The Department of Veterans Affairs has been the hardest case. The department lost 40,000 employees in fiscal year 2025, with 88 percent of those losses in health care, including 1,000 physicians, 1,500 patient schedulers, and 3,000 registered nurses. A Senate Veterans Committee report on the impact was titled “Cuts, Cover-Ups, and Chaos.” VA hired the fewest new employees since 2005, and clinicians have been rescinding job applications citing agency instability.
Why This Matters On The Space Coast
For Brevard County and the rest of Florida’s Atlantic coast, the FEMA reversal is not an abstract Washington story. The 2026 Atlantic hurricane season officially begins June 1.
Forecasts are mixed. Colorado State University and Tropical Storm Risk both project a slightly below-normal season, citing the likely development of El Niño conditions that tend to suppress Atlantic hurricane formation. CSU is forecasting 13 named storms, six hurricanes, and two major hurricanes. AccuWeather predicts 11 to 16 named storms and three to five direct impacts on the United States. The University of Arizona, by contrast, is calling for an active season with 20 named storms and four major hurricanes.
Even a below-average season is not a quiet season for Florida. The 2025 season featured three Category 5 hurricanes, just one shy of the all-time record, with most activity occurring after Sept. 10. And a slower season is no guarantee of a quieter one for any single community: it only takes one storm to find Brevard.
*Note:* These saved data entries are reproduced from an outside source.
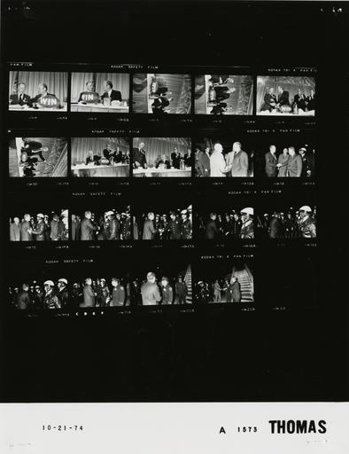 Keywords: Ford A1573 NLGRF photo contact sheet (1974-10-22)(Gerald Ford Library).jpg White House Photographic Office WHPO is housed at the Gerald R Ford Presidential Library a branch of the National Archives and Records Administration NARA <br/><br/> This file is a 200 dpi photo contact sheet having images from roll of film A1573 of the August 9 1974 - January 20 1977 Gerald R Ford White House Photographic Office Series A0001-A9999 and B0001-B2886 photographs <br/><br/> The date on the photo contact sheet is the date the roll of film was processed not necessarily the date the photographs were taken See table below for additional details 1974-10-22 Gerald R Ford Presidential Library Image http //www fordlibrarymuseum gov/library/whphotos/A1573_NLGRF jpg A1573_NLGRF jpg from http //www fordlibrarymuseum gov/library/whphotos/19741022whpo pdf White House Photographs October 22 1974 of the http //www fordlibrarymuseum gov/Library/whphotos/whpo asp White House Photographic Collection page White House Photographic Office WHPO - Thomas PD-USGov Institution Institution Gerald R Ford Presidential Library Table wikitable sortable + Photo contact sheet A1573 U S President Ford Administration Gerald R Ford Library Frame s Tone Subject proper Subject generic Names Geographic Location Photographer Date - 5-6 BW Fundraising Dinner Hosted by Ohio and Cuyahoga/ Lake Republican Finance Committees; Chairman Hanna Mining Company - Cleveland Ohio seated at table talking - WIN football on table GRF Gilbert Bud Humphrey Cleveland OH Sheraton-Cleveland Hotel - Gold Room Thomas 1974-10-22 - 7-10 BW Fundraising Dinner Hosted by Ohio and Cuyahoga/ Lake Republican Finance Committees; United States Senator from Ohio OH ; Chairman Hanna Mining Company -Cleveland Ohio waving handshaking standing behind table - WIN football on table; all not in every frame GRF Sen Taft Gilbert Bud Humphrey Platform Guests Cleveland OH Sheraton-Cleveland Hotel - Gold Room Thomas 1974-10-22 - 11 BW Fundraising Dinner Hosted by Ohio and Cuyahoga/ Lake Republican Finance Committees; United States Senator from Ohio OH - Cleveland Ohio GRF seated hand on football; others standing applauding GRF Sen Taft Platform Guests Cleveland OH Sheraton-Cleveland Hotel - Gold Room Thomas 1974-10-22 - 12 BW Fundraising Dinner Hosted by Ohio and Cuyahoga/ Lake Republican Finance Committees; United States Senator from Ohio OH ; Chairman Hanna Mining Company -Cleveland Ohio GRF seated; others standing applauding GRF Sen Taft Gilbert Bud Humphrey Platform Guests Cleveland OH Sheraton-Cleveland Hotel - Gold Room Thomas 1974-10-22 - 13-14 BW Prior to Departure from Campaign Trip to Ohio - Cleveland Ohio handshaking saying goodbye -night shot GRF Others Cleveland OH Cleveland Hopkins International Airport Thomas 1974-10-22 - 15-21 BW Prior to Departure from Campaign Trip to Ohio - Cleveland Ohio handshaking thanking officers for help night shot GRF Police Officers Cleveland OH Cleveland Hopkins International Airport Thomas 1974-10-22 - 22-23 BW Prior to Departure from Campaign Trip to Ohio - Cleveland Ohio handshaking thanking officers for help - steps to Air Force One in background night shot GRF Police Officers Cleveland OH Cleveland Hopkins International Airport Thomas 1974-10-22 Gerald R Ford Presidential Library and Museum-cooperation PD-USGov Contact sheets by the Ford White House October 1974 |
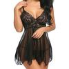 Dámské sexy krajkové černé spodní prádlo tanga set Noční košile na spaní Pyžamo bez zad
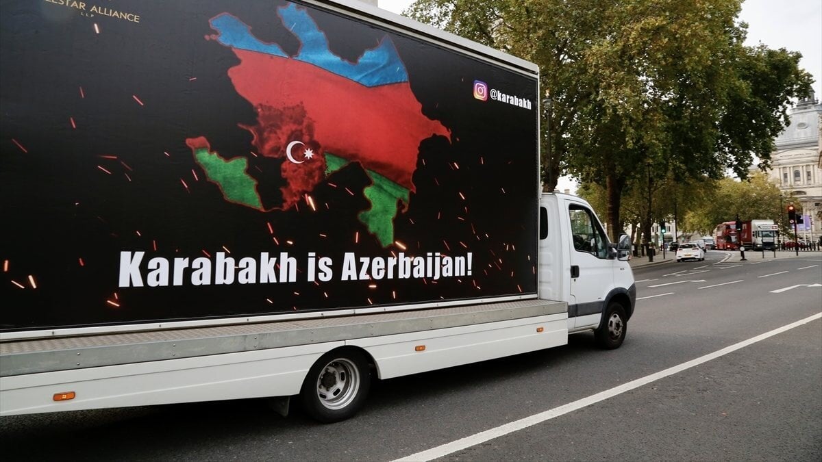 İngiltere’de yaşayan Azerbaycan Türkleri, başkent Londra’da üzerinde "Karabağ Azerbaycan’dır" yazılı bir araç dolaştırdı.

FEMA’s CORE workforce is the part of the agency that shows up after the storm, sets up disaster recovery centers, walks homeowners through Individual Assistance applications, and works with county and municipal governments on long-term rebuilding. When those positions go unfilled, the gap is not bridged by the state. Florida Chief Resilience Officer Wesley Brooks told the Florida congressional delegation last spring that the state has a strong working relationship with FEMA and uses the agency’s resources to manage and accelerate aid distribution on a peninsula with unique logistical challenges.
Gov. Ron DeSantis has argued Florida would do better if FEMA were converted to a block-grant funding agency and the state handled mitigation directly. Florida’s congressional delegation, including Republicans like Rep. John Rutherford of Jacksonville, has openly questioned what a restructured FEMA would mean for hurricane response. Rep. Kathy Castor, a Tampa Democrat, told the same hearing she did not know how Florida could function without a robust FEMA after the worst hurricane season in Tampa Bay history.
FEMA has also ended its Building Resilient Infrastructure and Communities program, which had directed nearly $300 million in hurricane mitigation aid to Florida — the largest BRIC allocation of any state.
The Bigger Question
The FEMA reversal raises a question the federal government has been quietly answering for more than a year: was the workforce ever as bloated as DOGE claimed?
The pattern of fire-and-rehire across the nuclear weapons agency, the bird flu response, the CDC, the FDA, the National Weather Service, and now FEMA suggests that the people doing the cutting did not always know what the cut workers did. In some cases, supervisors were uncertain how to even contact fired employees because those employees no longer had access to government email accounts.
FEMA’s reversal does not end the lawsuit. Plaintiffs’ attorneys have signaled they want to know more before responding. The deposition of former DHS Deputy Chief of Staff Joseph Guy, scheduled for next week, may shed more light on who made the decision to refuse renewing the CORE contracts and why.
For now, what is clear is this: with hurricane season weeks away, FEMA is calling its disaster workers back. And whether those workers say yes will go a long way toward determining what kind of agency shows up on the Space Coast if the next storm finds Florida.